GOAL OF THE EXERCISE:
Please repeat each line below exactly, with no images in the copy.
---------- DATASET EXCERPT
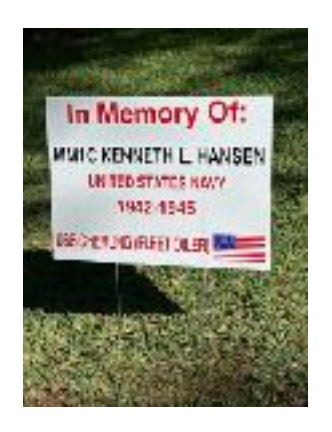
Three of our 42 Remembrance Signs
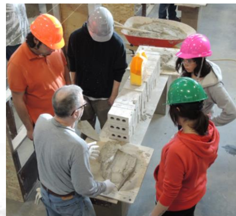
GED Apprenticeship students and their Masonry instructor, March 2015
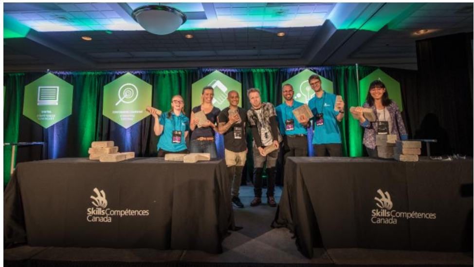
Celebrities, SCNC Presenting Partners and SCC alumni participated in the Official Launch of the 23rd Skills Canada National Competition.
--------------------
THE COMPLETED TASK:
Three of our 42 Remembrance Signs
GED Apprenticeship students and their Masonry instructor, March 2015
Celebrities, SCNC Presenting Partners and SCC alumni participated in the Official Launch of the 23rd Skills Canada National Competition.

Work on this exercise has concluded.